Here we see someone have the best season ever for a quarterback and win the NFL MVP for the 5th time; yet loses miserably to the Seattle Seahawks in what could be argued as the worst performance ever in a Super Bowl by an NFL quarterback.
What was his problem? Is he overrated? The numbers would say not at all.
In fact, the numbers tell us he is head and shoulders above the rest. This is where our leadership lesson begins; although number never lie, they don’t always tell is the truth.

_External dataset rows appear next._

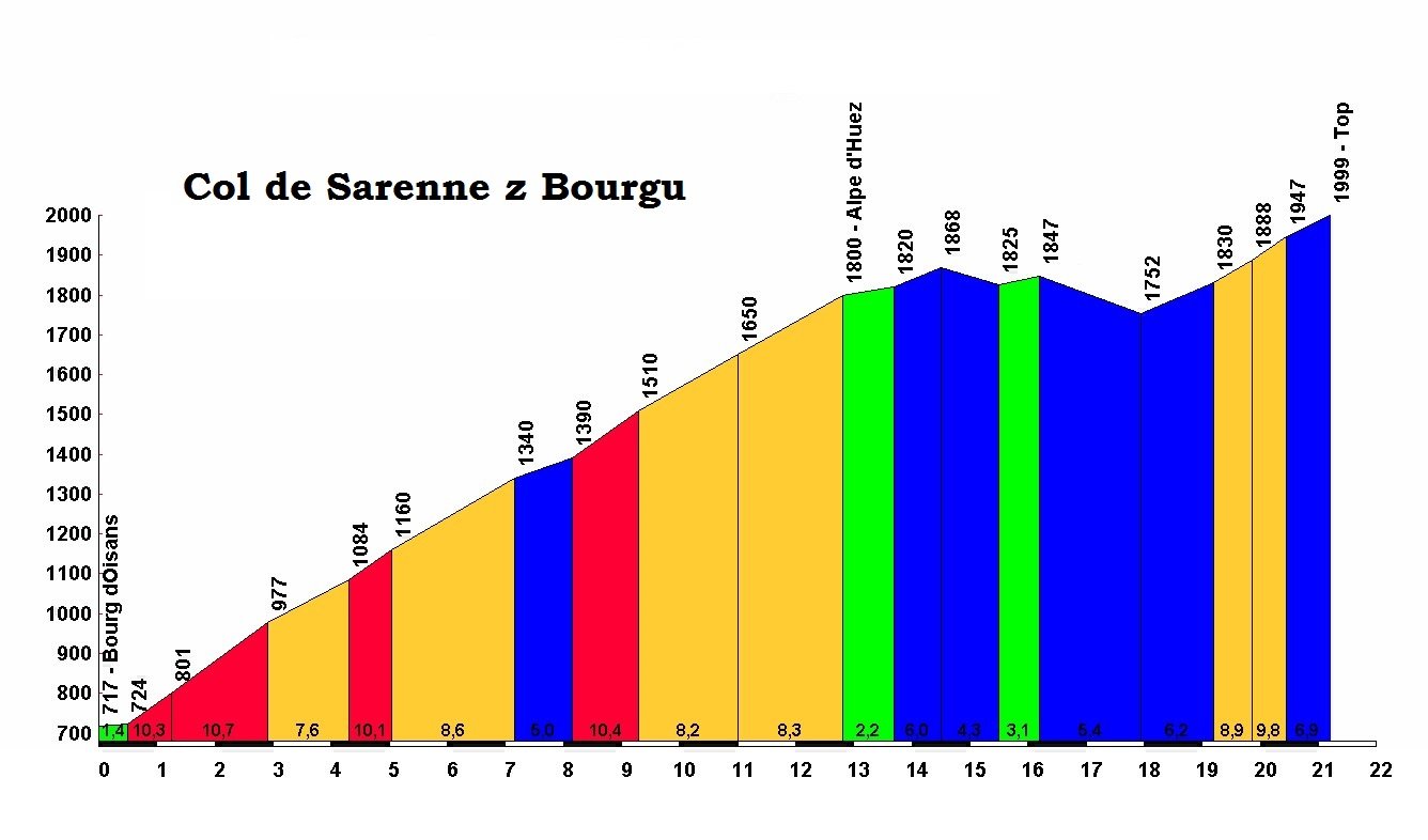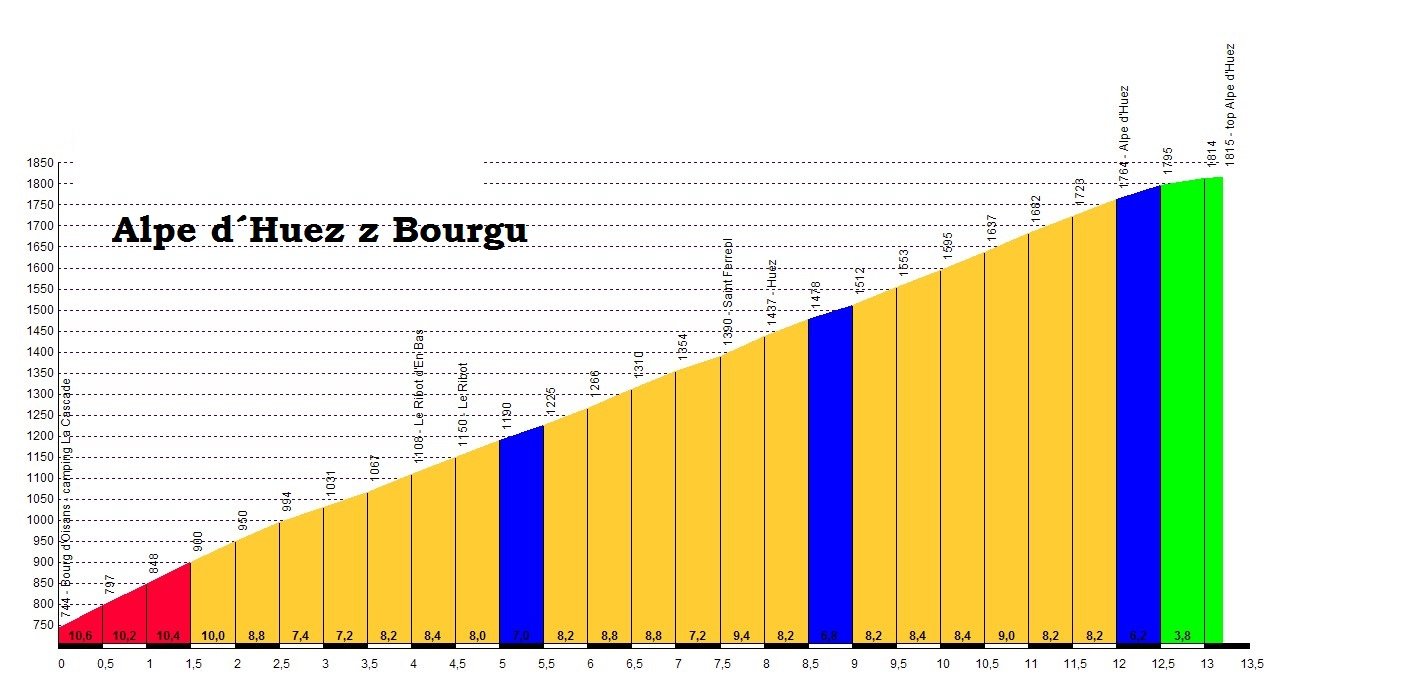Bourg d´Oisans. Tan samý den se potkáme s Tour de France. Zatímco my pojedeme do ALPE d´HUEZ, profíci se budou flákat údolím kolem našeho kempu v Bourg d´Oisans. Celkem nás na zájezdu čeká 11 dvoutisícových sedel a z toho 4 kopce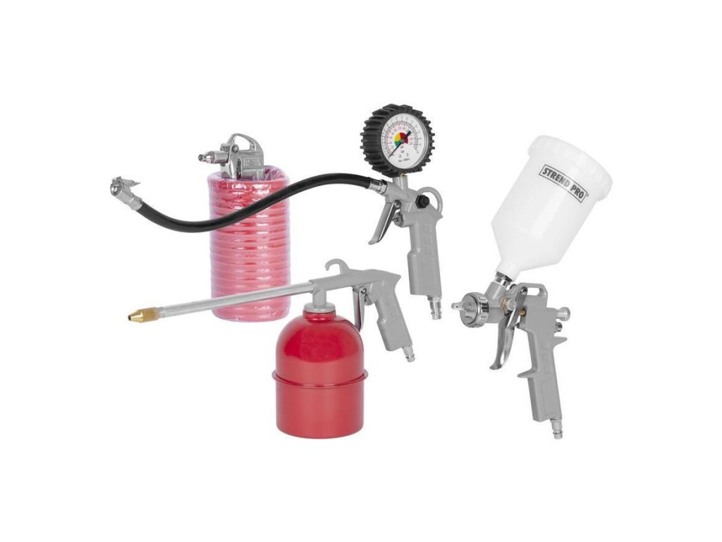 Kompletná 5 dielna sada na kompresor Airtool W-2005A1 pre dielne sa skladá z pištole s nanometrom, striekacej pištole, čistiacej pištole, ofukovacej pištole a hadice na kompresor. Sada ponúka široký rozsah použitia. Využijete ju napríklad na lakovanie, na striekanie kolies, na čistenie povrchu, alebo na fúkanie.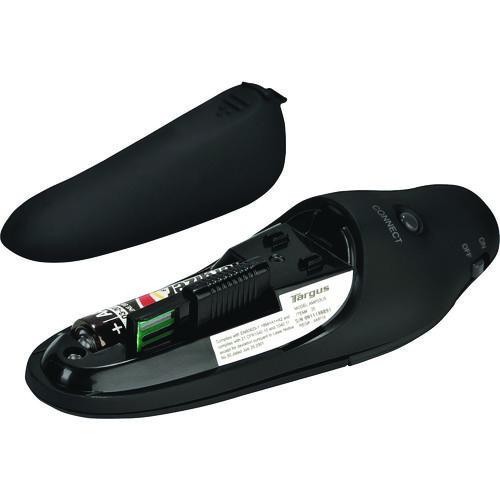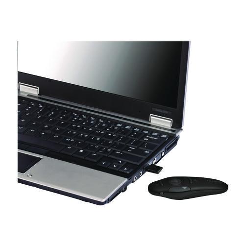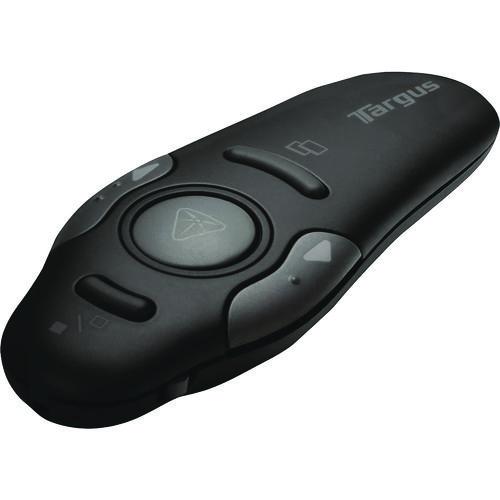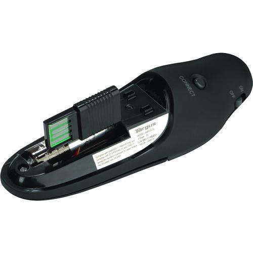 Wireless presenter with laser pointer makes it easy to control your presentation from up to 50 ft away. The ergonomic design with soft touch surface makes it easy to hold the device in your hand and navigate through the buttons comfortably. The built-in laser pointer allows you to highlight key points while the other keys allow you to page up, page down, exit/resume presentation mode, and darken screen. The preset RF connection enables true plug-and-play capability; no driver is required.Package Includes: Mini USB Receiver; (1) AAA Battery; User Guide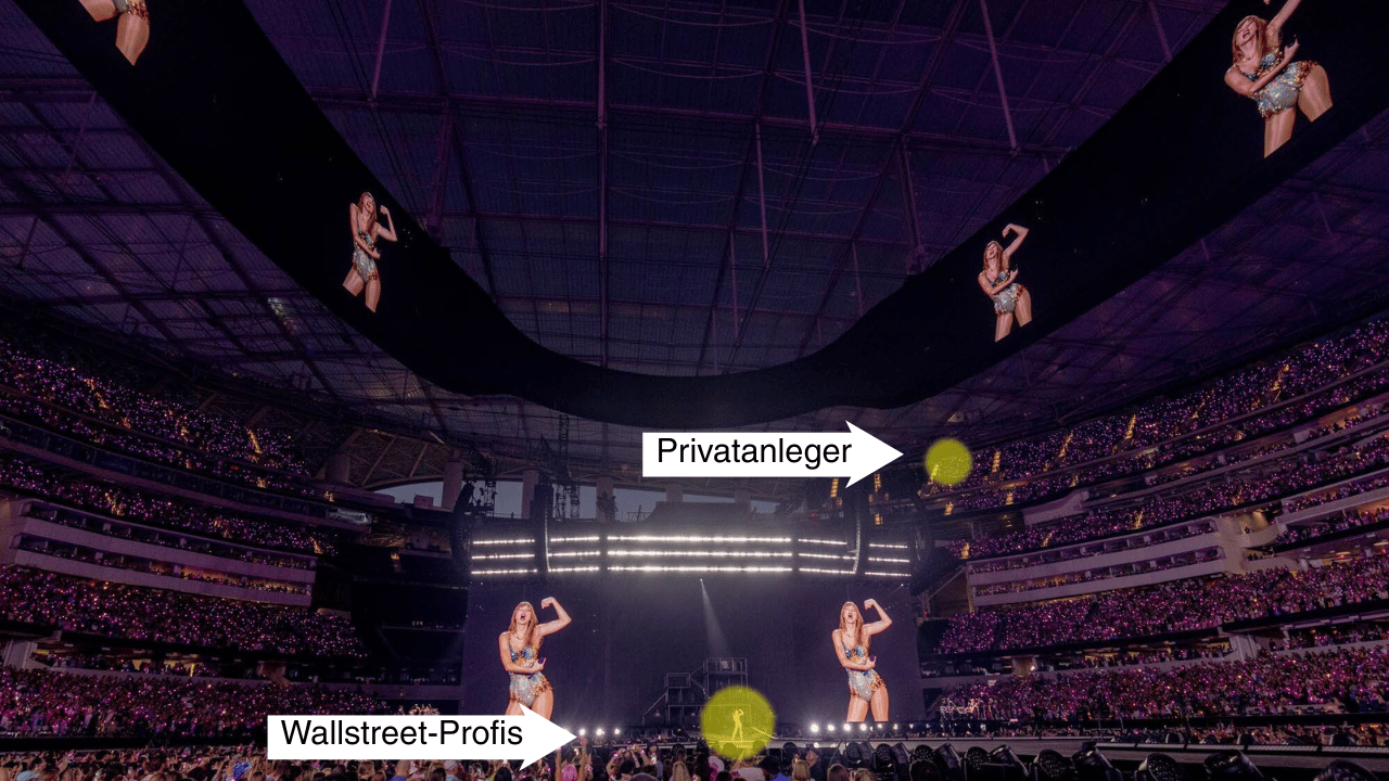 In der ersten Reihe: High-Frequency-Trader und Hedgefonds wie Citadel Securities. Dahinter: professionelle Asset-Manager mit Bloomberg-Terminals und ganzen Analystenteams. Und ganz oben, weit weg von der Action: der Privatanleger. Er sieht nur verschwommene Bruchstücke und glaubt trotzdem, er könne es mit den Profis aufnehmen.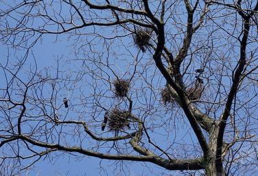 Keywords: bird's nest birds rooks tree branches sky spring park nature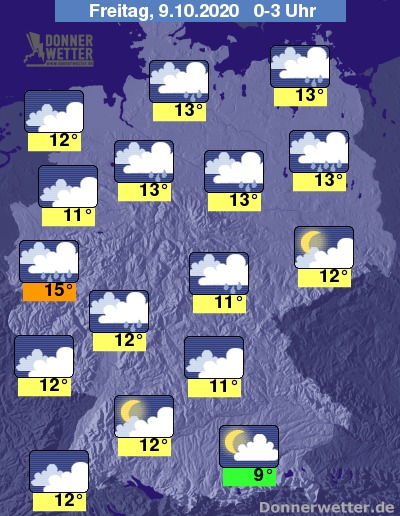 Bis zu den Frühstunden kühlt die Luft auf 13 bis 9 Grad ab, am mildesten bleibt es mit Werten um 14 Grad noch unter den dichten Regenwolken in der Kölner Bucht.

There’s No “I” in Super Bowl
The truth is, sometimes individual greatness is just not good enough. John Elway was also a great Broncos’ quarterback, but his greatness was not good enough until his team added more talent around him. As an organization, we must recognize that we can have great individual people, and great individual leaders, yet still not be good enough to out-due the competition.
The Few or The Many
In the Super Bowl XLVIII, the Seattle Seahawks’ overall team was better than the Broncos. And the perceived greatest offense is league history led by Peyton Manning was expected to beat the Seahawks. But Peyton alone couldn’t get the job done. Not by a long shot. It was “embarrasing” for him.
Some leaders are great enough to take a team to the next level. But most, on the other hand, need some help to reach that higher ground.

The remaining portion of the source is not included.